They ask you to give permission to bill the your insurance, but ask to to accept that you are ultimately responsible. Really not unreasonable. They are entitled to get paid for a service. And, after clarification from OP, it sounds like the ambulance service was necessary. BUT, have her sign the document, if possible.

If they are unscrupulous (out of network, trying to get more) you will eventually find out. Then just don't pay. I don't think OP's mom is worried about a ding on the credit rating.

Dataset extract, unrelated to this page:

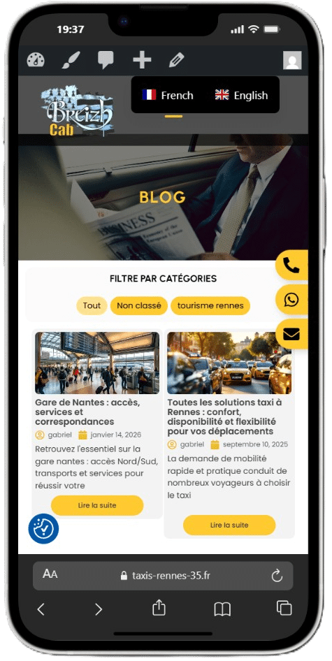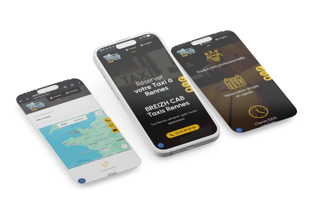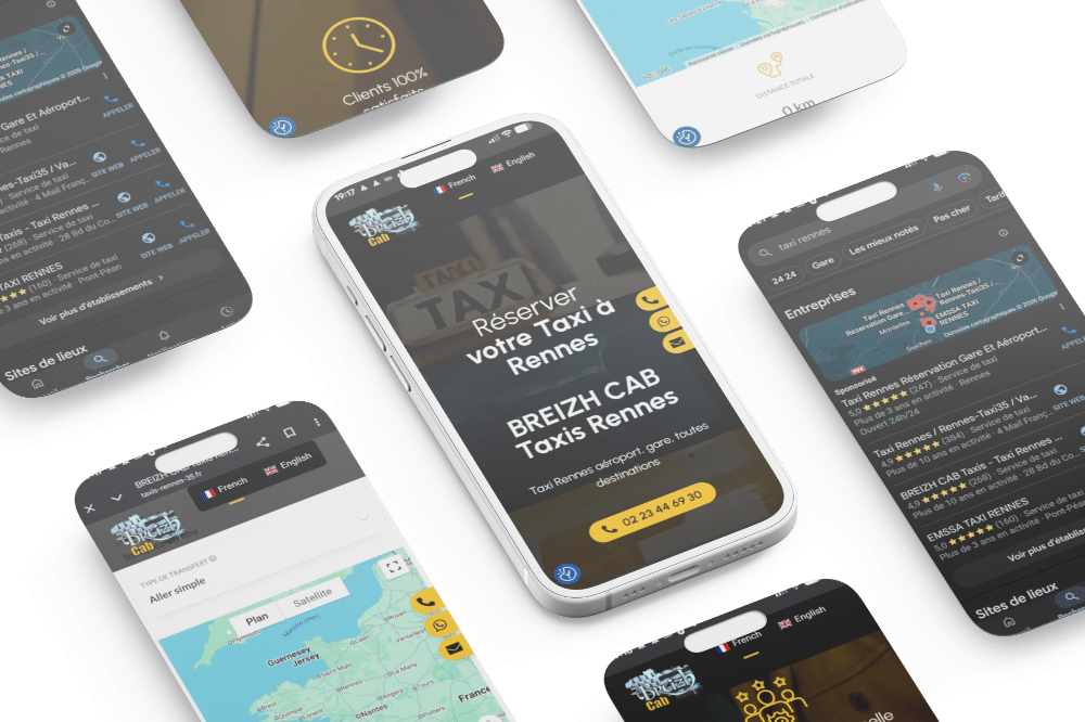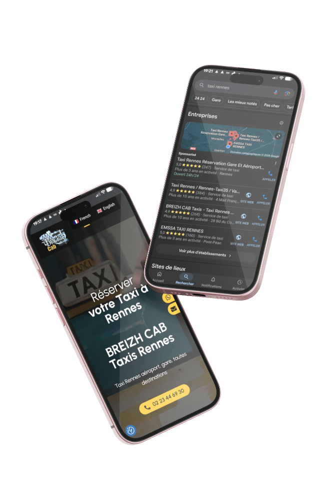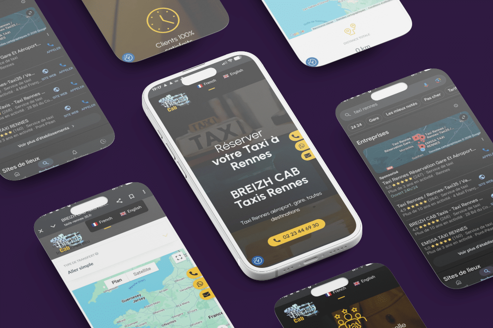 Activation de notre levier Caplocal pour le référencement géographique. Nous avons travaillé la sémantique locale (ex: "Taxi conventionné Rennes", "Navette aéroport Rennes") et optimisé la Fiche Google pour capter les recherches d'intention immédiate
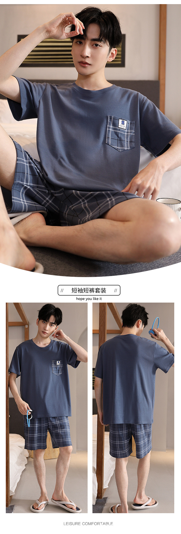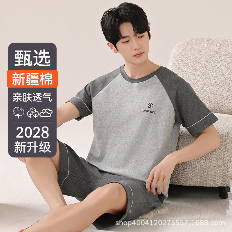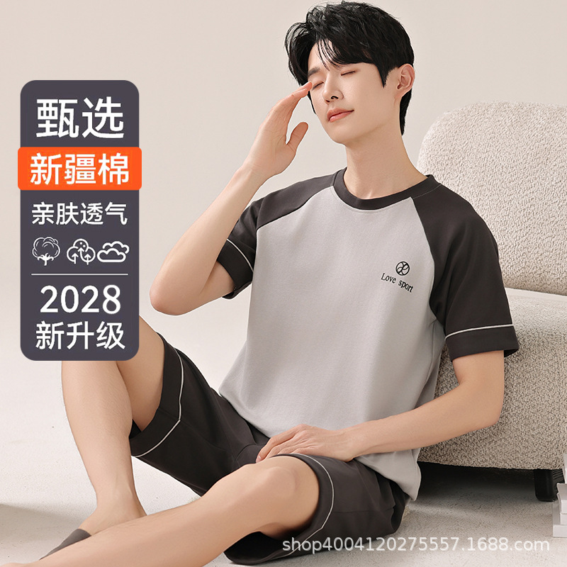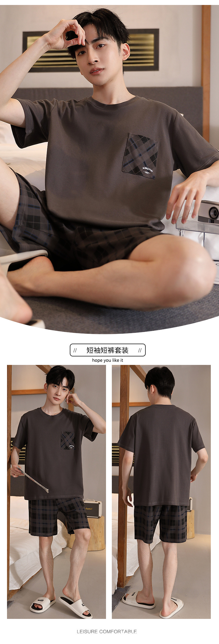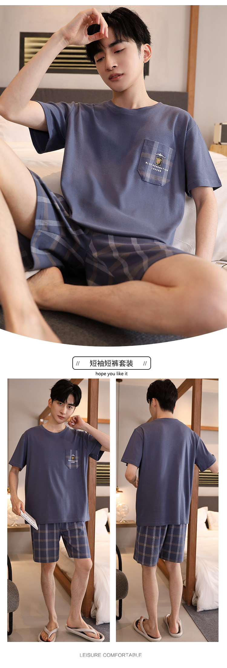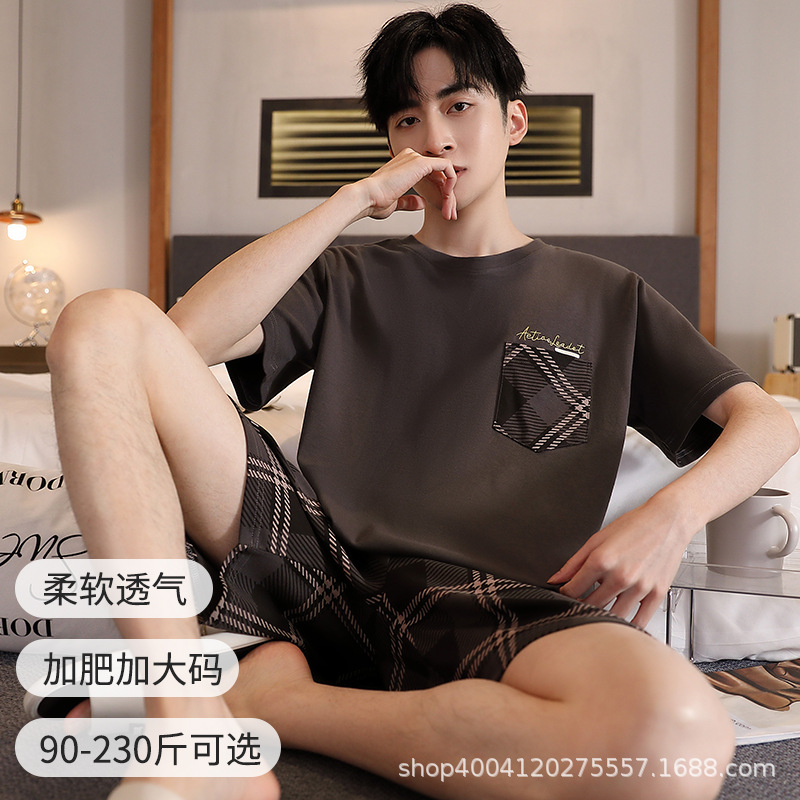 퓨어 코튼 하이 엔드 여름 남성 반팔 반바지 세트 잠옷 캐주얼 청소년 플러스 큰 느슨한 홈 의류스토어 가기

While it's true, the document seems much like every document they have you sign as you are waiting to go into surgery. At that point what choice do you have. :mad:

But here they want the document signed after the fact, and if signed the recourse they have if OP's mother does not pay some high bill is: ding the credit report, AND sue her for the money, or sell the bill to a bill collector, along with adding fees for non-payment.

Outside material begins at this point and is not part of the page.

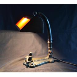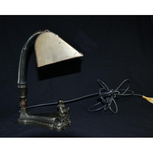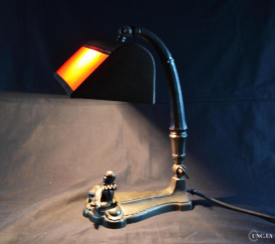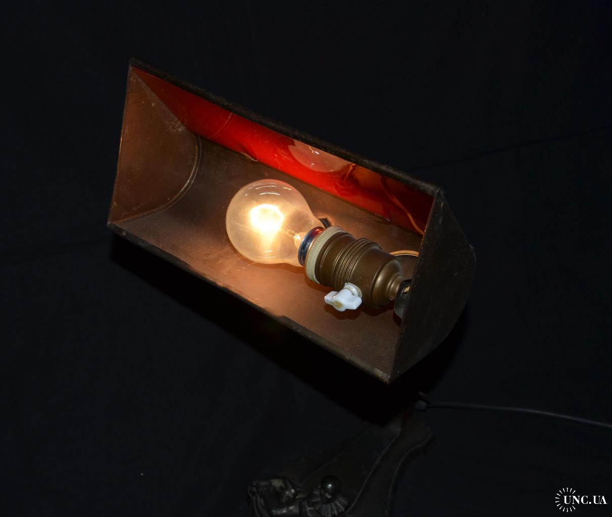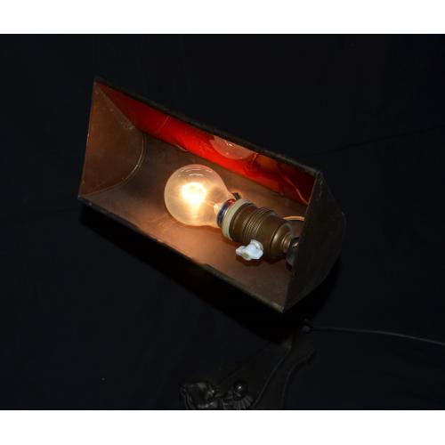Удлинённый абажур крепится на подвижном шарнире, позволяющем изменять угол наклона, а второй шарнир расположен у основания.
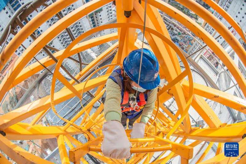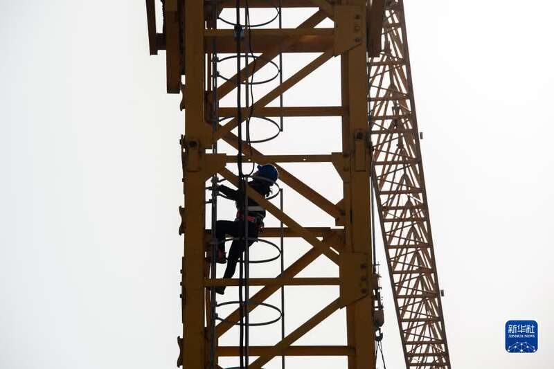 3月7日,在武汉市中建三局三公司某工地上,张晓燕在对塔吊吊臂进行安全检查。新华社发(伍志尊 摄)

Basically there is a danger worse than credit report ding.
Avoided by to striking out the total obligations and sign the paper if one is going to sign it at all.
 
RetMD21.... so it seems like you are saying that the most that they can bill a Medicare patient is the Medicare rate for the service less what Medicare pays... that might make sense if the service is covered by Medicare.

But if the ultimate result is that the service provided is not covered by Medicare then I wouldn't think there is any limit on what the provider can bill and by signing the financial responsibility sentence then the OP's mom would be on the hook for the $939.29 billed rather than the $461.54 allowed by Medicare.

If I were in the OP's position, I'd be ok with paying $461.54 less whatever is paid by Medicare, or perhaps even the $527.20... but not the $939.29.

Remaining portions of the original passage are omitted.